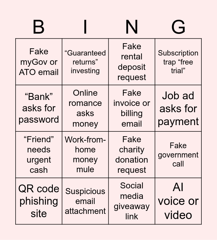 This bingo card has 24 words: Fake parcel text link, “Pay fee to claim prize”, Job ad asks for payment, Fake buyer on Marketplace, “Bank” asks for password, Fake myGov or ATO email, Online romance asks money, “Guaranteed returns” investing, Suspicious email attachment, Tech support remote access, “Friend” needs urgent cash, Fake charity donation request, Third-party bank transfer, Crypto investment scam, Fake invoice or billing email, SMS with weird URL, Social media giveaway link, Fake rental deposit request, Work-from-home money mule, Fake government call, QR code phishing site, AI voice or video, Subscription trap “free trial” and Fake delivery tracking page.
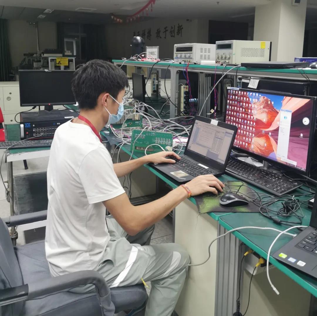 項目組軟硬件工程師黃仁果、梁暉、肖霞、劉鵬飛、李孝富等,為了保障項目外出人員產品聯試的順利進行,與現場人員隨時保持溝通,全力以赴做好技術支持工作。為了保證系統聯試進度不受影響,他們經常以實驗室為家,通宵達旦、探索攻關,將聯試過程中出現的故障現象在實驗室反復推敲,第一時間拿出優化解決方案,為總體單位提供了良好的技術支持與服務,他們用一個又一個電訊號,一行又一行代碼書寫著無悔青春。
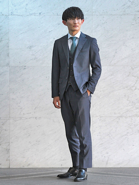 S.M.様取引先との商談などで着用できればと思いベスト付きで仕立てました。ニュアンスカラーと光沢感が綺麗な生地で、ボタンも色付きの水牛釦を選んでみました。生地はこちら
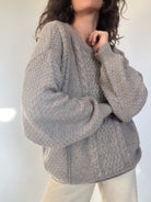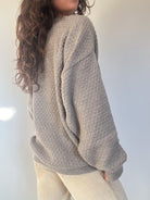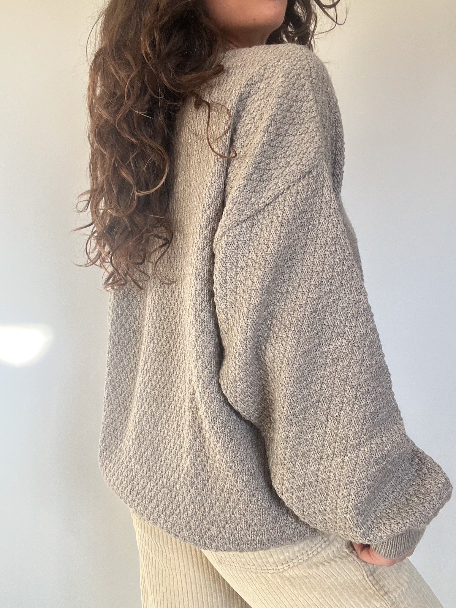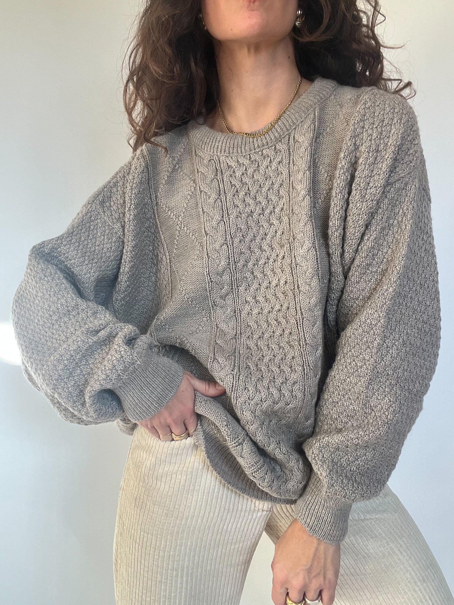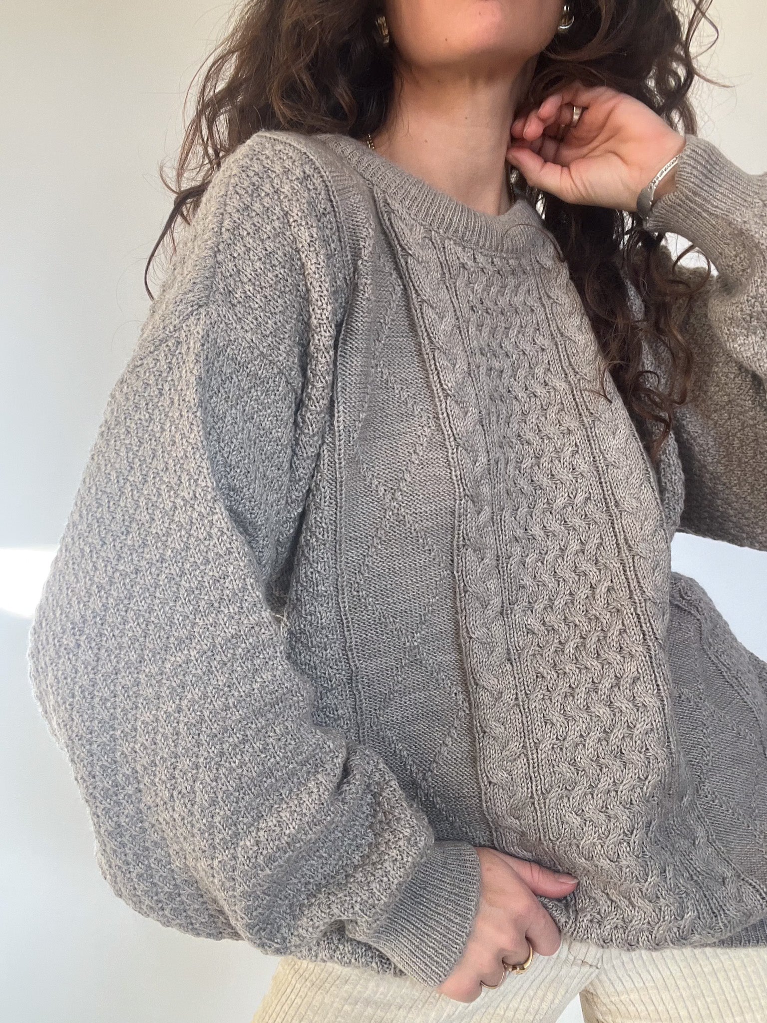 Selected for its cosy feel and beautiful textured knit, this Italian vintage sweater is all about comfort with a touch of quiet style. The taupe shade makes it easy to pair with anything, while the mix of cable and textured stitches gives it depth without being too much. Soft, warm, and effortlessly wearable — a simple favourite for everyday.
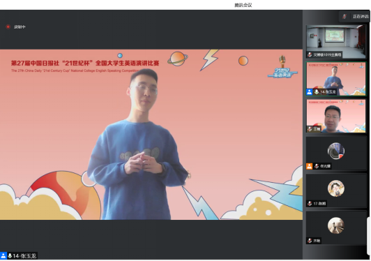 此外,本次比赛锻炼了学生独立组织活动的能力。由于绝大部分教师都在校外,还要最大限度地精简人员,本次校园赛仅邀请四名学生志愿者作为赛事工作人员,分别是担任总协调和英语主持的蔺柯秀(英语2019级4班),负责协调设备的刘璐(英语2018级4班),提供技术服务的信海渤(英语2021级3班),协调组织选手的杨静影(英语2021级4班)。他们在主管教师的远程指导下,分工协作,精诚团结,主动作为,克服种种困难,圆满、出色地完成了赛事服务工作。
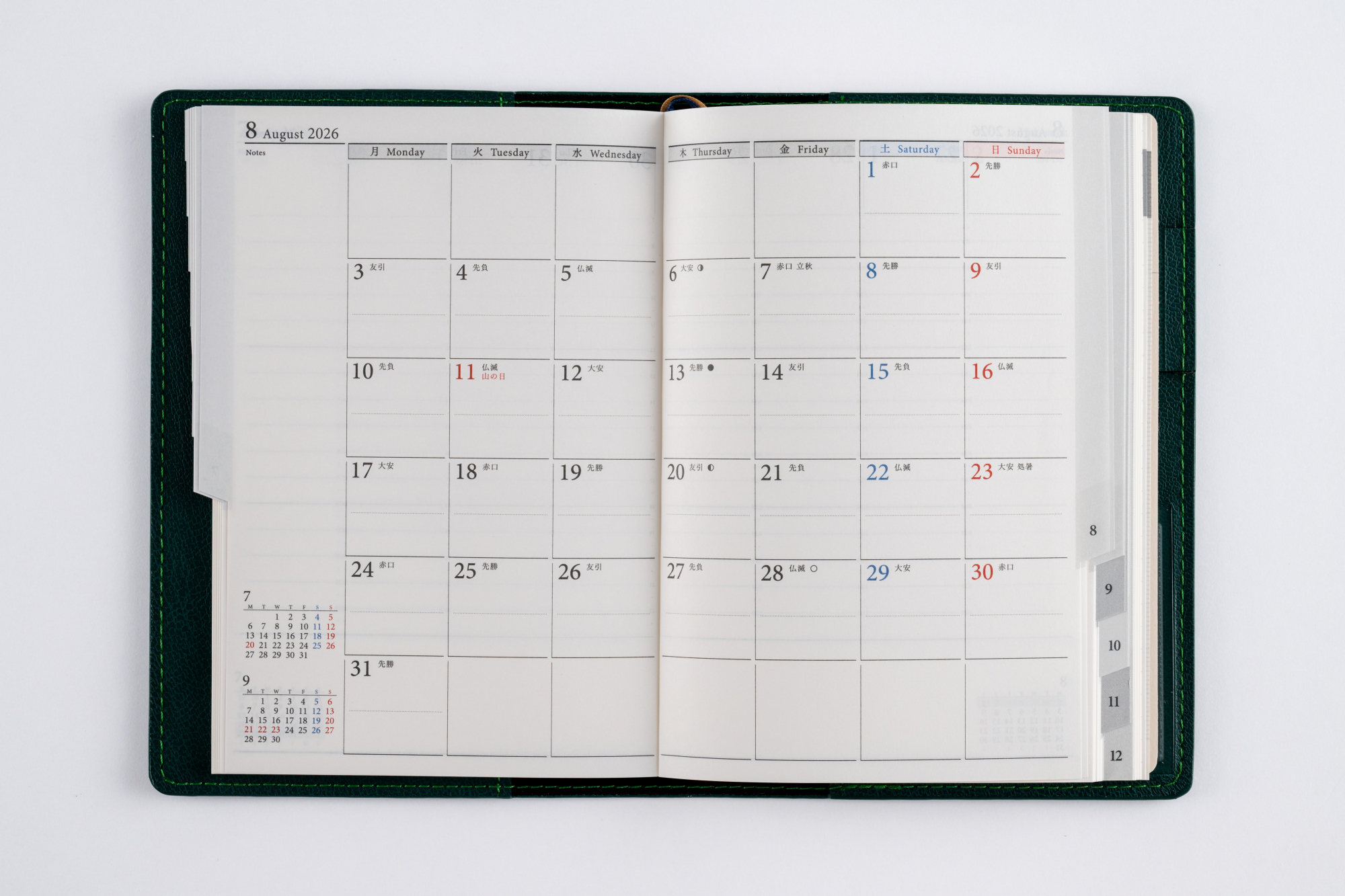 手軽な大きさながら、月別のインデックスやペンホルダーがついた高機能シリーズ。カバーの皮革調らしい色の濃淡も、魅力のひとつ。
————
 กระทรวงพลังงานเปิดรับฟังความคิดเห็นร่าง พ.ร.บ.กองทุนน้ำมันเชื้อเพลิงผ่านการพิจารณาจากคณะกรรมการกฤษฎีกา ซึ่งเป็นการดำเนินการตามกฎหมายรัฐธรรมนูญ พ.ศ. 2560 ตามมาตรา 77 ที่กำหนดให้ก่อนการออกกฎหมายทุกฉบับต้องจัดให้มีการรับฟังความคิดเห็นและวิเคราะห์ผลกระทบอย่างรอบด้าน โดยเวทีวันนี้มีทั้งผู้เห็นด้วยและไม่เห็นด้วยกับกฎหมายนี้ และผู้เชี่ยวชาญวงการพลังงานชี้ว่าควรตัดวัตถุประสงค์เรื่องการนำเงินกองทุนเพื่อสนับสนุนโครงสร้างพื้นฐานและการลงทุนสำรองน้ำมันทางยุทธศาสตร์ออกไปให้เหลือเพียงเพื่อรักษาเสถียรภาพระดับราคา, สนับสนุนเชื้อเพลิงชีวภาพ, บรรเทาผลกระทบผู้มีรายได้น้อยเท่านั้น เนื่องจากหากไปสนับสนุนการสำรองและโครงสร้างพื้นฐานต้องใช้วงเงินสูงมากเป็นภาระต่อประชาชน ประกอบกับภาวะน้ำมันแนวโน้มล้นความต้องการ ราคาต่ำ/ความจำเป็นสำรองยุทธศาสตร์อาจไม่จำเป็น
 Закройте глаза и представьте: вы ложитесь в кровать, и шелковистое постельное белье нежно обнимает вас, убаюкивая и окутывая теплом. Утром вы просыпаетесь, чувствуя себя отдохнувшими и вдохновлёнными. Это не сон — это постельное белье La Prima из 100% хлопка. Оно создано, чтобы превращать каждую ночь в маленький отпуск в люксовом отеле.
————
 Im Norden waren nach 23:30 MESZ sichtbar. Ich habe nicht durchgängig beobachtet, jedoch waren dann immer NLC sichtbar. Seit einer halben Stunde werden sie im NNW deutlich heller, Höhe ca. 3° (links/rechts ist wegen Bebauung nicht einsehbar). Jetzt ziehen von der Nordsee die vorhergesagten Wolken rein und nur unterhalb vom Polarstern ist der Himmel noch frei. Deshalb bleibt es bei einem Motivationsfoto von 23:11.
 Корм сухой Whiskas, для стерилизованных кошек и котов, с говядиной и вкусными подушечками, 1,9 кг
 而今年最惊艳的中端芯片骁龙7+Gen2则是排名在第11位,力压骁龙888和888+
————
Activity
Repeat exactly the stretch of the listing above that starts with the line holding "項目組軟硬件工程師黃仁果、梁" and finishes with the line holding "手軽な大きさながら、月別のイ", both included. Skip every picture.

Reply to the exercise
 項目組軟硬件工程師黃仁果、梁暉、肖霞、劉鵬飛、李孝富等,為了保障項目外出人員產品聯試的順利進行,與現場人員隨時保持溝通,全力以赴做好技術支持工作。為了保證系統聯試進度不受影響,他們經常以實驗室為家,通宵達旦、探索攻關,將聯試過程中出現的故障現象在實驗室反復推敲,第一時間拿出優化解決方案,為總體單位提供了良好的技術支持與服務,他們用一個又一個電訊號,一行又一行代碼書寫著無悔青春。
 S.M.様取引先との商談などで着用できればと思いベスト付きで仕立てました。ニュアンスカラーと光沢感が綺麗な生地で、ボタンも色付きの水牛釦を選んでみました。生地はこちら
 Selected for its cosy feel and beautiful textured knit, this Italian vintage sweater is all about comfort with a touch of quiet style. The taupe shade makes it easy to pair with anything, while the mix of cable and textured stitches gives it depth without being too much. Soft, warm, and effortlessly wearable — a simple favourite for everyday.
 此外,本次比赛锻炼了学生独立组织活动的能力。由于绝大部分教师都在校外,还要最大限度地精简人员,本次校园赛仅邀请四名学生志愿者作为赛事工作人员,分别是担任总协调和英语主持的蔺柯秀(英语2019级4班),负责协调设备的刘璐(英语2018级4班),提供技术服务的信海渤(英语2021级3班),协调组织选手的杨静影(英语2021级4班)。他们在主管教师的远程指导下,分工协作,精诚团结,主动作为,克服种种困难,圆满、出色地完成了赛事服务工作。
 手軽な大きさながら、月別のインデックスやペンホルダーがついた高機能シリーズ。カバーの皮革調らしい色の濃淡も、魅力のひとつ。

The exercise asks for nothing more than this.